Requirement
Among the records that follow, find the line with "Приложение отличается интуитивностью: переносите" and the line with "state (Arm, Disarm...)". Set down those lines and all lines between them exactly, without adding anything.

Data under study
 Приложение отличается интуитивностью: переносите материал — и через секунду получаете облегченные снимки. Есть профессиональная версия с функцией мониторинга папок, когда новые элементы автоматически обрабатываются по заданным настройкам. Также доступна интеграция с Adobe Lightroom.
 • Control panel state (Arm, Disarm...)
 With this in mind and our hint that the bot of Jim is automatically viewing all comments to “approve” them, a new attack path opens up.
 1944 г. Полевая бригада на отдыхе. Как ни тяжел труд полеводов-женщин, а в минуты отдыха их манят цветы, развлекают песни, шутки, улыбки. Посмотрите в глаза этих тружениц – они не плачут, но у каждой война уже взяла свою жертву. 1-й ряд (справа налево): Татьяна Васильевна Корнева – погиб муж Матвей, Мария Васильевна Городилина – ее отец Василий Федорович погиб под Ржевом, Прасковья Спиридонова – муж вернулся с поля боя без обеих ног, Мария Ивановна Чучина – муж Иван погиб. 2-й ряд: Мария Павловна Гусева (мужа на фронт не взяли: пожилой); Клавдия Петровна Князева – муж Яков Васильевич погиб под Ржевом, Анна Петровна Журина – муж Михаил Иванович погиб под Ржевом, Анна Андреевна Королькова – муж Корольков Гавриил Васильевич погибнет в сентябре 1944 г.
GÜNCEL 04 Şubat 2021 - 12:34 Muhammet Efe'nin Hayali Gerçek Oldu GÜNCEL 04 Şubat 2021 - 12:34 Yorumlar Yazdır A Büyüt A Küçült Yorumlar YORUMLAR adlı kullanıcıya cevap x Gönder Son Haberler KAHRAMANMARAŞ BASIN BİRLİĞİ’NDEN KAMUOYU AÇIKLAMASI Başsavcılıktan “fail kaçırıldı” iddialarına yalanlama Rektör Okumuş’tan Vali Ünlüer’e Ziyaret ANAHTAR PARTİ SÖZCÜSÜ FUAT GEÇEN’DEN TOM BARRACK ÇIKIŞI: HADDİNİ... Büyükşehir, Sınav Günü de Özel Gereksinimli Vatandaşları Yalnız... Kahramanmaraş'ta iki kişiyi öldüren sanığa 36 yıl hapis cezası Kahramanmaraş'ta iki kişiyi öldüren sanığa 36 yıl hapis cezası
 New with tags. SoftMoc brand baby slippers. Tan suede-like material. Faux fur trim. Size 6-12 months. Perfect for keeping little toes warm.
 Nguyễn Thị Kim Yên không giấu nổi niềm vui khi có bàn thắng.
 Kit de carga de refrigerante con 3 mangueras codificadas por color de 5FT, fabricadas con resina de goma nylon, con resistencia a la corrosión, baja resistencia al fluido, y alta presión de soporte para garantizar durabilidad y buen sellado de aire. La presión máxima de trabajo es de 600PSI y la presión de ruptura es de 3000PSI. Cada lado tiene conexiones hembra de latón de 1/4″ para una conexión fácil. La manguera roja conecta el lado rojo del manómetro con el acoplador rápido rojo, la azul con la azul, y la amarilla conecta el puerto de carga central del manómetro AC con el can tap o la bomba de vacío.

==

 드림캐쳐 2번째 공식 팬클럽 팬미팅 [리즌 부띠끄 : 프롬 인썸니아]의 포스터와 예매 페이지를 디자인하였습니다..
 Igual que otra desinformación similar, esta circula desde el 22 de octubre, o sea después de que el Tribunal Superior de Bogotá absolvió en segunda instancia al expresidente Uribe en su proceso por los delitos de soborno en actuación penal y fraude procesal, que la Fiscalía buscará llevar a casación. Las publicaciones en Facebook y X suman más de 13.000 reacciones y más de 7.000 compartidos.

* * *

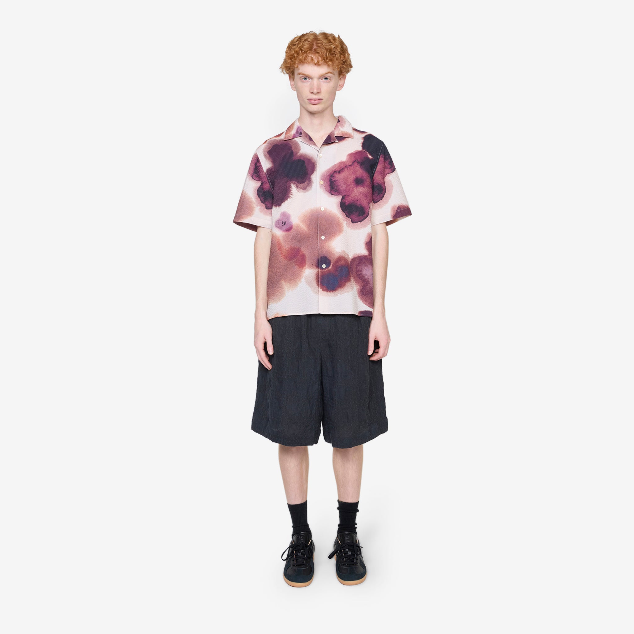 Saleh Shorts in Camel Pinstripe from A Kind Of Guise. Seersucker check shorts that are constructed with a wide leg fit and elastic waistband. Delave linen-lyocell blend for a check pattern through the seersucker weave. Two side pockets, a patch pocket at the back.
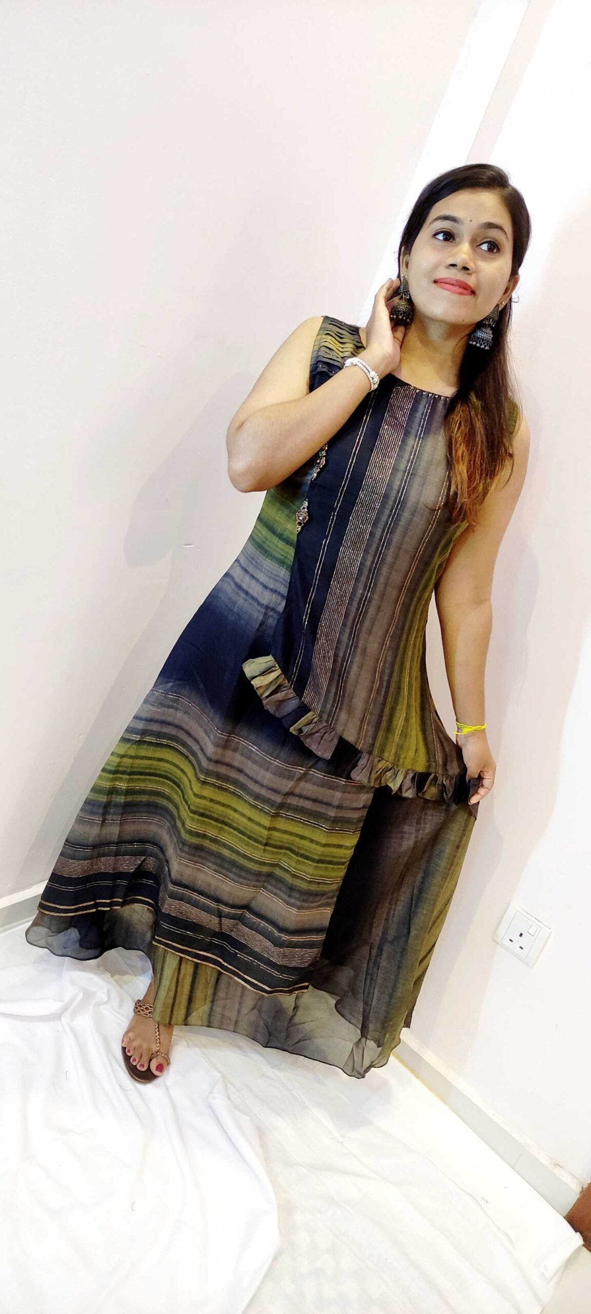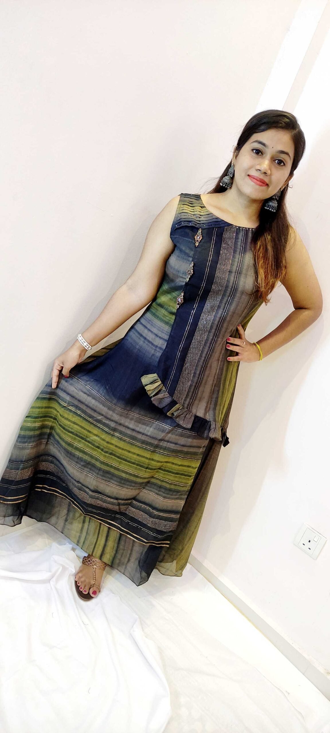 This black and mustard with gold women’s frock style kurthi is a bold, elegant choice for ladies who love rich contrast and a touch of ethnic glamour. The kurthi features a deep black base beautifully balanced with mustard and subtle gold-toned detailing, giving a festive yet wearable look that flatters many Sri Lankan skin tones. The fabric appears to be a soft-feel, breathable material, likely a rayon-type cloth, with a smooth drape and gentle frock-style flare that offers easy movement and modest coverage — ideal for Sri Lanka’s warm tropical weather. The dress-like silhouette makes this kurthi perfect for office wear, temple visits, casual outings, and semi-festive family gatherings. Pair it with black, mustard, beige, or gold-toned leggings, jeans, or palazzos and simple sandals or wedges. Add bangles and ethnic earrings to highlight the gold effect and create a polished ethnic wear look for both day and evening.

Solution to the problem
 Приложение отличается интуитивностью: переносите материал — и через секунду получаете облегченные снимки. Есть профессиональная версия с функцией мониторинга папок, когда новые элементы автоматически обрабатываются по заданным настройкам. Также доступна интеграция с Adobe Lightroom.
 • Control panel state (Arm, Disarm...)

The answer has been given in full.